Katherine returned to Beauchamp Lodge, taking a cheaper room on the ground floor. Her situation, as far as her other friends and family knew, was unchanged, and she continued to go out to parties, dinners and shows. She had met at the Saleebys’ a singing teacher and ex-choral scholar of King's College, Cambridge, a bachelor in his early thirties called George Bowden, who asked her out and showed signs of finding her fascinating. More invitations, little notes and flowers followed. They shared an interest in elocution – some of Bowden's pupils were clergymen wishing to improve their pulpit performances – and Bowden thought Katherine accomplished enough to do some of her sketches at his concerts:
Both in the little work she did with me and in the public recital of some of her own sketches given at one or two of my concerts, the use of her voice was quite unselfconscious. Its charm lay in its clear embodiment of her subject lit up by the delicate prism of her mind. The effect was a unity which maintained her integrity intact.14
His responses at the time were probably less carefully phrased; she took to visiting him regularly at the flat he shared with a man friend, and when Bowden had to go into hospital to have his tonsils out, she offered to collect him in a taxi. He felt they shared a modern outlook and a sense of humour; presently he proposed to her, and was accepted. Marriage was to liberate Katherine from the tyranny of her family, it seemed, although she told him she was already over twenty-one. Apparently, money was not discussed.

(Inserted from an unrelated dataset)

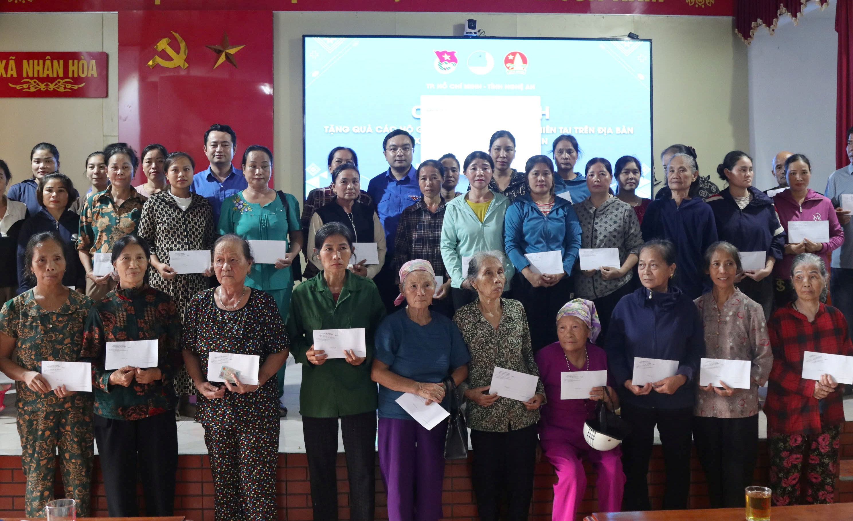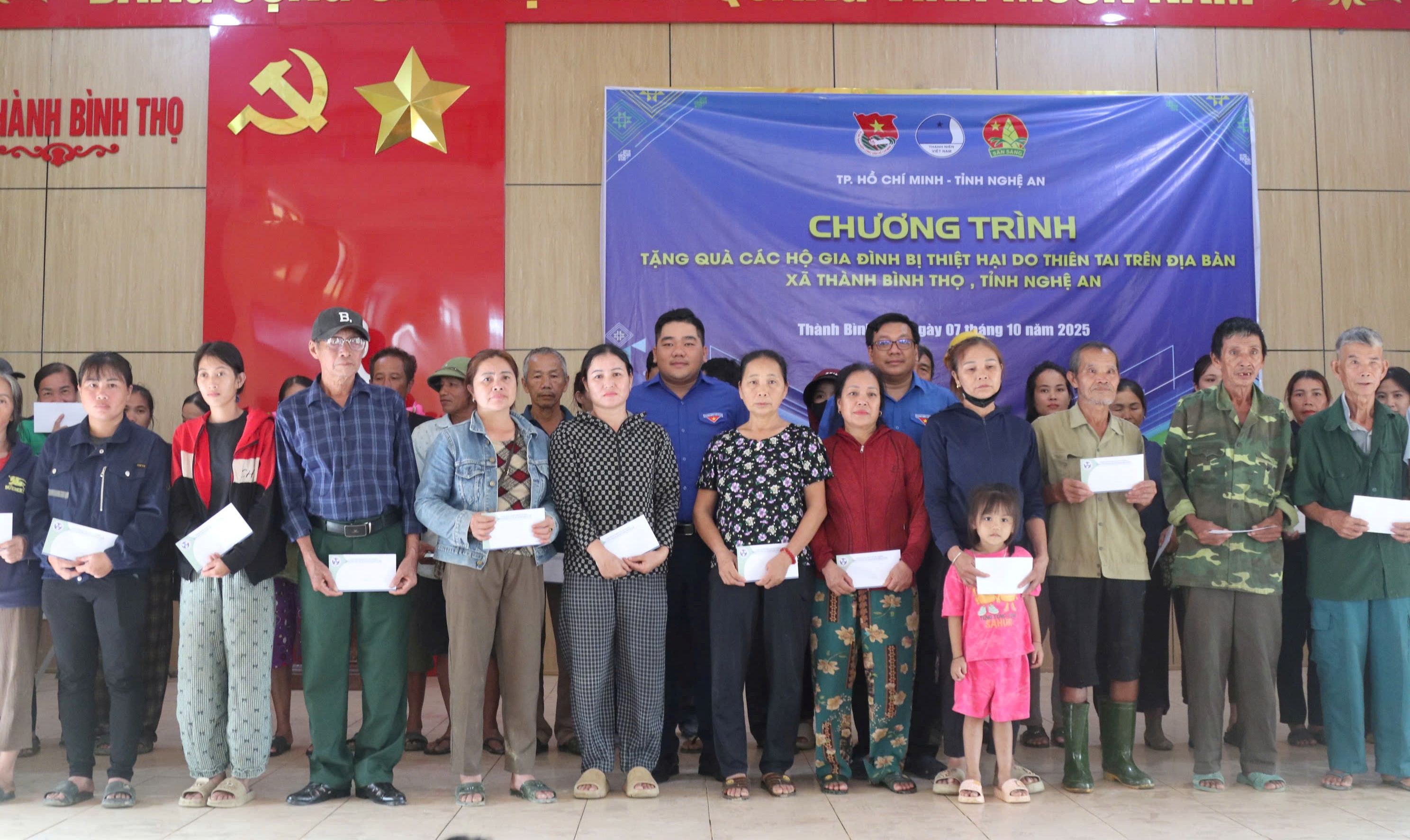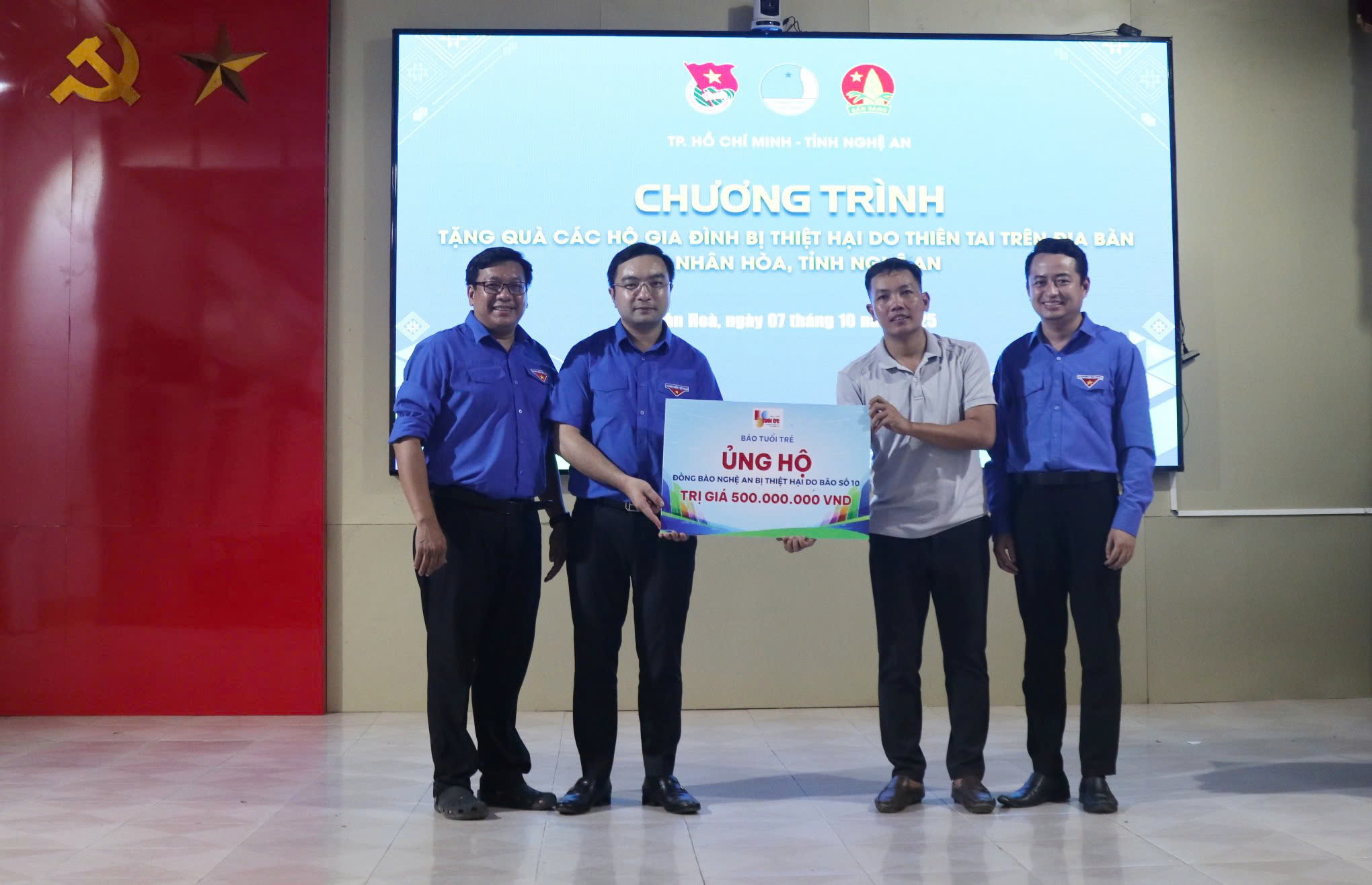 Lãnh đạo Thành đoàn TPHCM trao quà hỗ trợ các hộ dân ở Hà Tĩnh và Nghệ An

Bowden's account of his courtship of Katherine, written many years later, is so determinedly gentlemanly, fair and cautious that it is impossible to see what his emotions really were at the time, or why a man of his age, just building a career which depended on being free to accept a great variety of engagements, many of a semi-social nature, a man comfortably installed in a small bachelor flat with a manservant, should have got hims
elf abruptly married to a young woman he hardly knew after a few teas at Rumpelmayer's and a few evenings together chatting about music, life and the emancipation of women. From this distance, it looks like a case of rabbit and ferret. Katherine had decided to be married, and had lighted on this kindly, possibly rather weak, easily deceived man, clearly not a passionate lover, but equally in thrall to her. Having told him she was twenty-two, she introduced him briefly over tea to Henry Beauchamp (the cousin who had been her guardian) and his sister Elizabeth von Arnim, who happened to be in London but who had no reason to take any interest in the fate of this little cousin from New Zealand. Katherine insisted that they should not contact her parents, in case they should try to delay the marriage. She also wrote Bowden a note, warning him not to expect ‘too much’ of her.
Why was she in such a hurry to be married to a man she clearly neither loved nor respected? Bowden did not know it, but she was pregnant with Garnet's baby. Whether Garnet knew or not is uncertain; there are no letters extant for this period.